The Taxman is Coming for Big Tech!
13 June 2021
What this chart shows After nearly a decade of talks, G7 finance ministers have agreed to back a global tax reform meaning that multinationals would pay tax of at least 15% in the countries in which they operate and generate profits. A two-pillar global solution was agreed in principle to tackle the tax challenges that have arisen as a result of an increasingly globalised and digital economy.

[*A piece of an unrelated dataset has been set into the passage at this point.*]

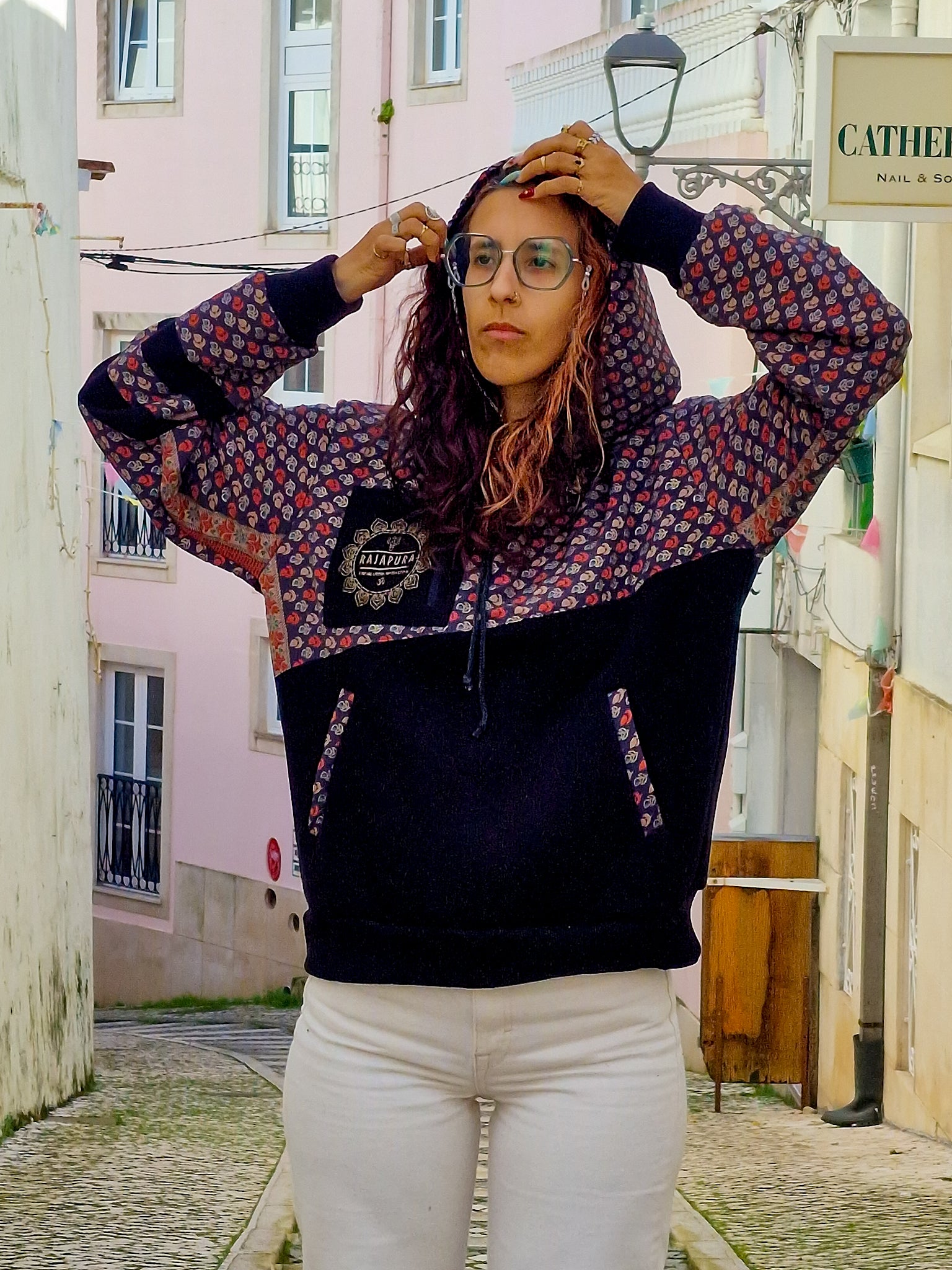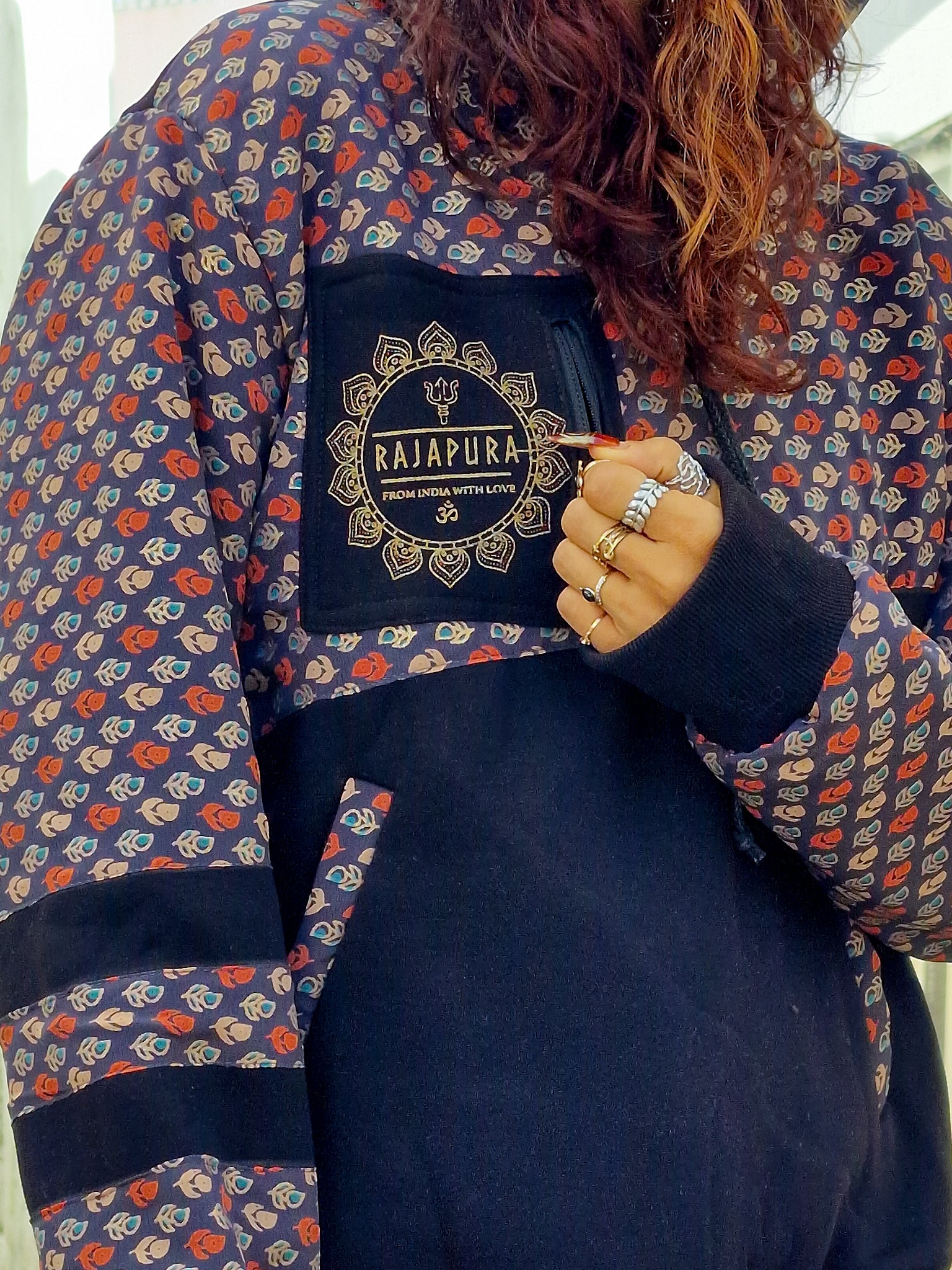 Conçu pour ceux qui vivent avec attitude et ne baissent jamais leur vibration, ce hoodie associe un coton confortable à des manches en sari recyclé, rendant chaque modèle absolument unique. Il n'en existe pas deux identiques !

The first pillar would require the most profitable companies to pay more in tax (at least 20% of their profits exceeding a 10% margin) in countries where they generate sales and not just where they book their profits. The second pillar sets out a global minimum corporation tax rate of 15%. The above chart shows the estimated tax revenue generated as a result of the two pillars, with pillar one bringing in between $5bn and $12bn, whilst pillar two could generate between $42bn and $70bn. The agreement will now be discussed in further detail at the G20 meeting in July to help bring other countries on board. Why this chart is relevant The first pillar seeks to address flaws that multinationals have legally exploited to avoid larger tax bills and to ensure that these large companies – especially US tech giants Amazon, Facebook, Google and Apple – pay more tax in countries where they generate revenue. A global minimum tax level established by the second pillar would prevent countries from undercutting each other to improve their relative appeal for multinationals.
It is difficult to assess the specific impact at this stage on the tech space over the long-term but it’s rational to anticipate that big tech leaders could face significantly larger tax liabilities in the future. This poses a question over future earnings and could lead to some share price nationalisation with valuation multiples already looking quite stretched.